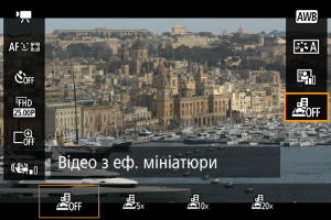 Можна записувати відео з ефектом мініатюри, на яких розмито області зображення за межами вибраної ділянки. Також перед зйомкою можна вибрати швидкість відтворення, щоб записувати відео, які створюють враження мініатюрних сцен з людьми й об’єктами, що швидко рухаються. Зауважте, що звук не записується.
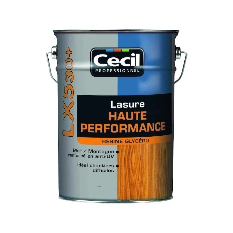 Excellente accroche sur tous type de supports et toutes anciennes finitions : idéale en rénovation.La lasure LX530+ est spécialement étudiée pour décorer et protéger tous les bois extérieurs.Elle permet d’obtenir une protection élevée sur tous types de bois (bardages. chalets.ports. volets. fenêtres. charpentes.…). en rénovation et sur bois neufs.Sa formule gélifiée permet une application sans coulure. sans trace de reprise.Elle permet d’obtenir une protection élevée sur tous types de bois (bardages. chalets.ports. volets. fenêtres. charpentes.…). en rénovation et sur bois neufs.Nettoyage au White spirit.
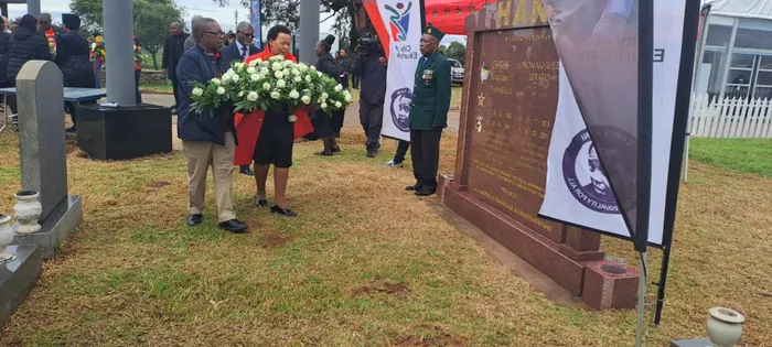 The widow of Chris Hani, Limpho and SACP leader Blade Nzimande laid a wreath at the Chris Hani memorial site at the Thomas Titus Memorial Park in Boksburg. Picture: Bhekikhaya Mabaso/African News Agency/ANA
──────────
Requirement:
Retype the whole listing above exactly as written. Skip the pictures.

Response to the task:
 Можна записувати відео з ефектом мініатюри, на яких розмито області зображення за межами вибраної ділянки. Також перед зйомкою можна вибрати швидкість відтворення, щоб записувати відео, які створюють враження мініатюрних сцен з людьми й об’єктами, що швидко рухаються. Зауважте, що звук не записується.
 Excellente accroche sur tous type de supports et toutes anciennes finitions : idéale en rénovation.La lasure LX530+ est spécialement étudiée pour décorer et protéger tous les bois extérieurs.Elle permet d’obtenir une protection élevée sur tous types de bois (bardages. chalets.ports. volets. fenêtres. charpentes.…). en rénovation et sur bois neufs.Sa formule gélifiée permet une application sans coulure. sans trace de reprise.Elle permet d’obtenir une protection élevée sur tous types de bois (bardages. chalets.ports. volets. fenêtres. charpentes.…). en rénovation et sur bois neufs.Nettoyage au White spirit.
 The widow of Chris Hani, Limpho and SACP leader Blade Nzimande laid a wreath at the Chris Hani memorial site at the Thomas Titus Memorial Park in Boksburg. Picture: Bhekikhaya Mabaso/African News Agency/ANA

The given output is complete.